Why trees are important

BY: KERRY DWYER

In Business, Environment8 Minutes

At this time of year tree planting is being planned, for shelter belts on farms as well as woodlots. Driving north from Oamaru around the Canterbury Plains, I have been impressed with the amount of trees cleared from farms in the past few years. Some of that has been woodlots but the bulk has been shelter belts planted over many years. This has often been driven by the instalment of spray irrigation systems to replace border-dyking and to extend irrigated area. I say impressed because this has involved huge man and machinery input, working steadily away at clearing the landscape, beaverish in scale.

I don’t profess to be a tree hugger but we have planted a lot of trees on our farm over the past 30 years, for the following reasons:

Wind shelter – trees slow evaporation for a distance of up to 20 times the tree height on the leeward side of the trees. Lower evaporation promotes pasture growth, to the extent that I have measured more than double pasture yields in the shelter zone as against beyond the shelter zone of windbreaks. Irrigation is more effective in shelter than when the nor’west is rolling down the plains.

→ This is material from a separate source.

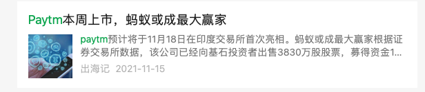 甚至 21 年, Paytm 在印度上市的时候,国内的新闻通稿还都是一片 “ 印度支付宝上市,阿里成最大赢家 ” 的喜气。
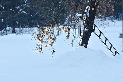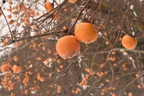 雪の中に赤黄色の柿は絵になるが、食べない理由は帰って来てから分かった。

Stock shelter – there are five basic requirements that should be provided to livestock, one being the provision of shelter matching the requirements of the animals we tend. While cattle have a lower critical temperature of around minus 15deg that relates to cattle with a winter coat and a full stomach to generate heat, so providing some windbreak allows for happy cows that put energy into production rather than staying warm. Cattle prefer to sit in shelter from the wind when possible, and calf rearing is far easier in the shelter of a tree stand than in open paddocks. Shelter belts save many new born lambs if they are well sited and provide sufficient coverage.

Stock shade – cattle have an upper critical temperature of about 25deg, so if the temperature goes over that they will seek shade to cool themselves. On a hot day sheep and cattle will sit in the shade whenever possible.

Landscape and aesthetic value – just like animals, people like to sit in the shade, to be out of the wind, and to see trees in their landscape.

Birds and bees – planting a variety of species give greater biodiversity on any farm, which helps us all. It is a pleasure to see tui and kereru outside their normal forest environment. And bees benefit us and them in pollination.

Privacy – as I drive along SH1 I think that farms might be the only workplace open to public viewing in this country. It may be nice for the public to see some animals and crops, but that is not all they see as they speed by at 100km/hour, so their attitudes to agriculture are formed by what they observe. Agriculture might have a better image if the public could not view everything inside our boundaries.

Biosecurity – having a double fence and a shelter belt around farm boundaries is sensible biosecurity, if it keeps stock from moving between properties. We initially did this to keep sheep lice coming from a neighbour, and then to keep bulls from getting with our heifers. In the time of having M bovis the double fenced shelter belts were a real asset in dealing with the disease both within our farm and with neighbours. I recall visiting a farm in North Canterbury, of about 2000ha, that had double fenced the entire boundary to stop footrot from neighbour’s sheep. That farmer may have been an extremist but he certainly had animal welfare and economic benefit in mind to invest to that level.

Riparian protection – fencing off waterways has been to the fore in recent years, but it has always been good management to protect water as well as stock. Keeping water sources clean is good for farmer’s own stock as well as the rest of the country. Fencing off dams and siphoning water into troughs can provide clean water all year, and is better than providing poor quality water as dams empty in a hot summer. Pulling bogged cattle out of dams is not good for man or beast.

Timber and firewood – much of the tree felling I referred to above has given timber for milling or firewood to the farmers involved. While the quality of the timber is variable it has still covered costs or more of the clearing process. The initial investment was made many years ago so it might be good karma to provide the same investment for future generations.

Carbon credits – legislation infers that 10,000 trees grown in a rectangular block sequester carbon while 10,000 trees grown in a single row do not, but at some stage the measuring systems and legislation must agree that a tree is able to lock in carbon equally well in both situations.

Asset value – a very astute farmer told me about 40 years ago that planting trees increased land value, whether they be shelter belts or woodlots. He observed that prospective buyers would pay more for farms with trees, because those farms gave a better first impression and appearance of being loved than the bare ones. I have seen this to be true, even if the buyers then cut all the trees down and do not replace them.

Over the past 30 years we have planted at least one row or group of trees every year on our farm. The cost has been spread over the years and the benefit compounds in all the above areas. Planting trees is probably the easy part because by far the major costs are in fencing, seedlings and getting them to survive. We have done all the steps ourselves including growing trees from seed or cuttings. And we have planted a variety of trees and shrubs which gets more exciting as primary shelter grows and allows diversification into fruit and flowering species to thrive in their shelter. There are many affordable ways to the process but every journey starts with one step.

Kerry Dwyer is a North Otago farmer and farm consultant.